Interpretation: Amplicon libraries are expected to have bias and may not have a normal distribution. Issues at the start of eqch sequence as seen here would be expected for ITS2 data and we could resolve with trimming.
Interpretation: Peak at beginning may be resolved with trimming/cleaning. We have a triple peak here at 45%, 55% and 65% GC. Could be due to contamination, adapters, or over represented sequences. Look into what should be expected from ITS2 amplicon sequencing.
Interpretation: We can remove the problems at the start of the sequences. Low N content is as expected.
Interpretation: There is a primary peak at ~300bp, the small peak at the start of the sequences could be removed with trimming.
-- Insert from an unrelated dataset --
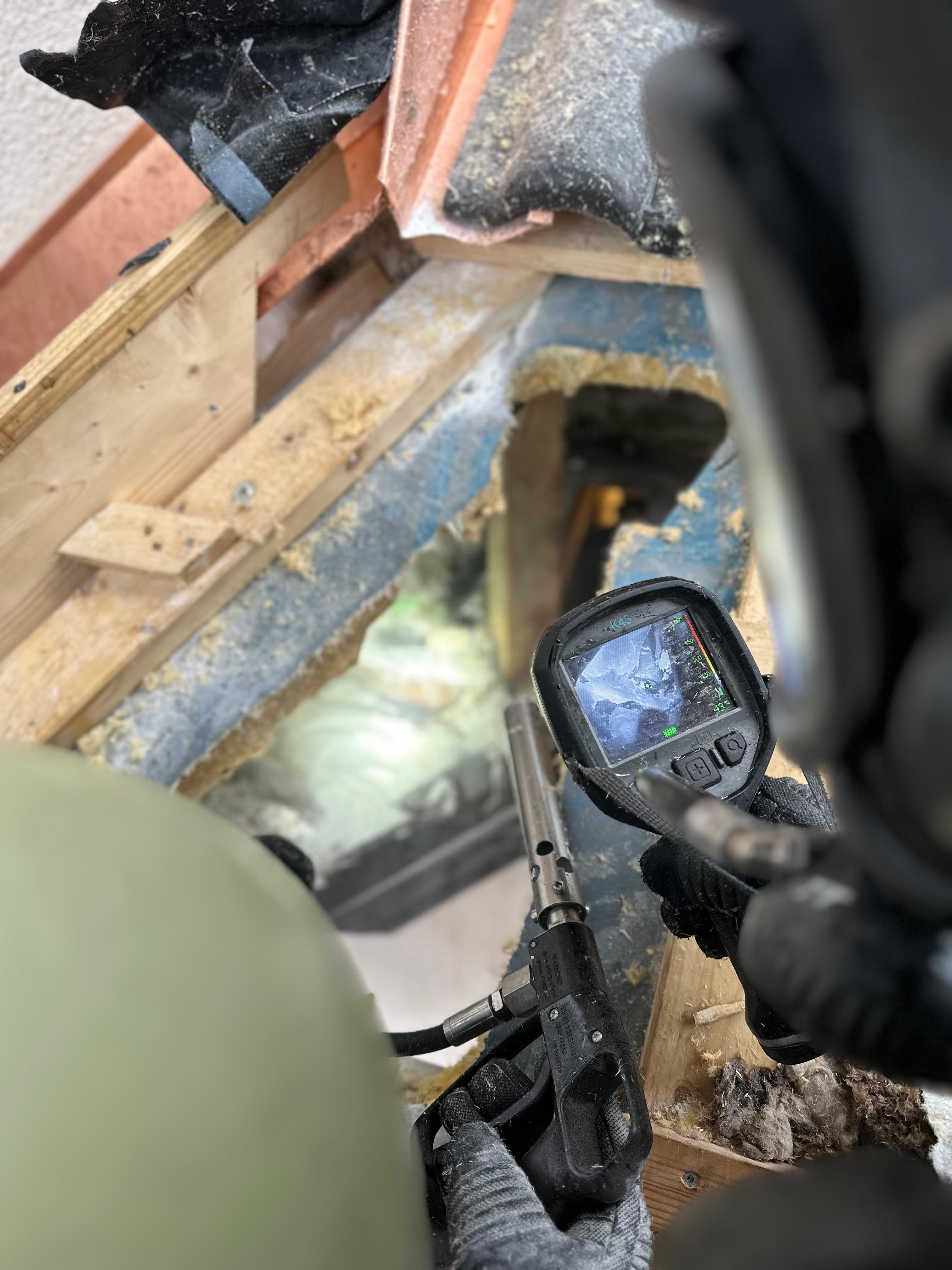 Die Isolierung wurde entfernt und mit Kleinlöschgerät abgelöscht. Um eine weitere Brandausbreitung im Dachbereich ausschließen zu können musste im Innenbereich Teile einer Wand mittels Bohrhammer geöffnet werden, die betroffenen Bereiche wurden abgeslöscht und mittels Wärmebildkamera kontrolliert.
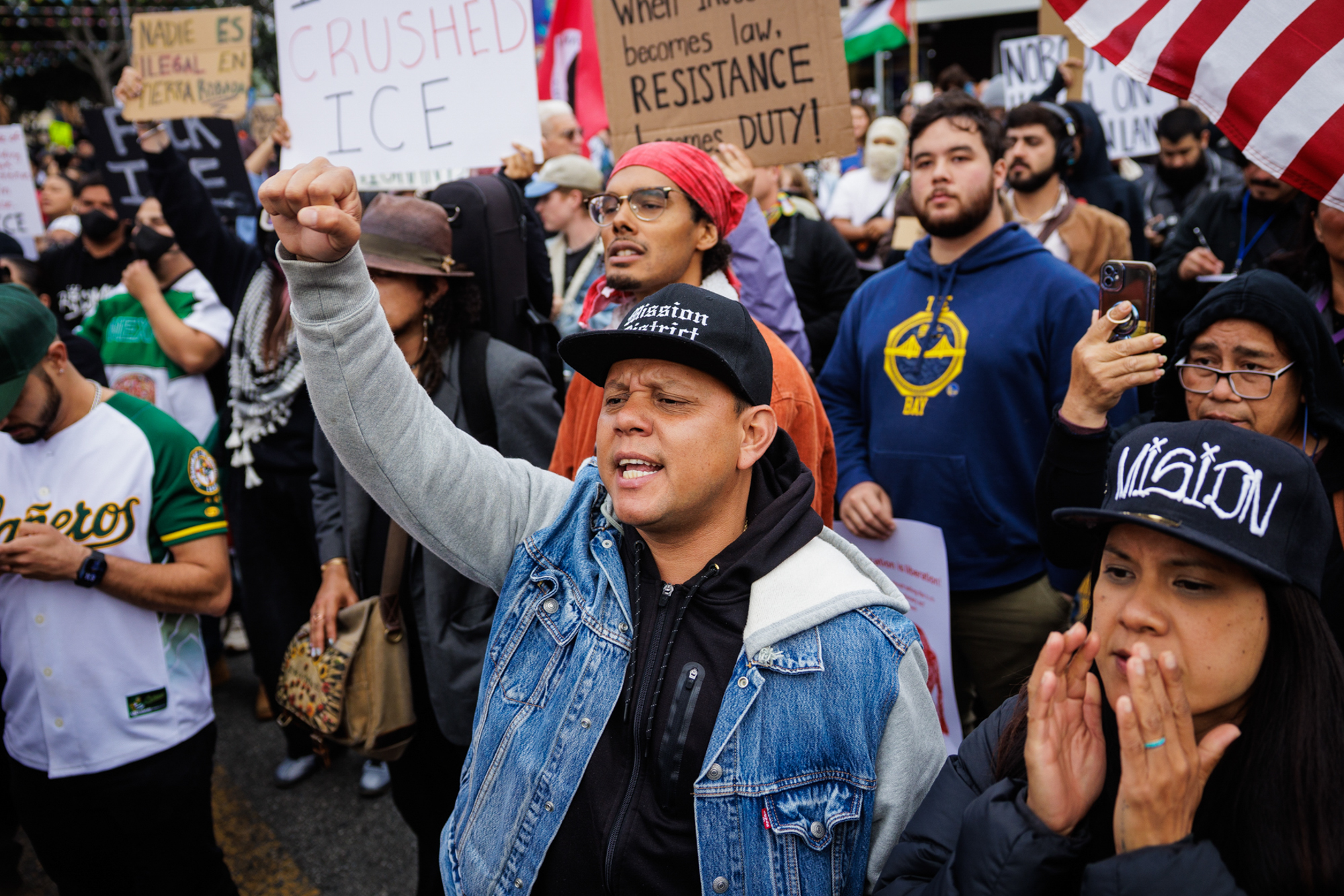 Jesus Cortes and other protestors rally in the Mission District in San Francisco on June 9, 2025. (Martin do Nascimento/KQED)

Interpretation: High level of duplication may indicate an enrichment bias in the PCR. This could mis represent the true abundance of sequences. There may also be truly over represented sequences that might be expected for amplicon data.
Interpretation: There are many over represnted sequences. We could blast these sequences to determine what they represent. We can also revisit this after removing adapters and other QC steps.
Interpretation: No adapter content.
Interpretation: Shows failures and warnings as described above.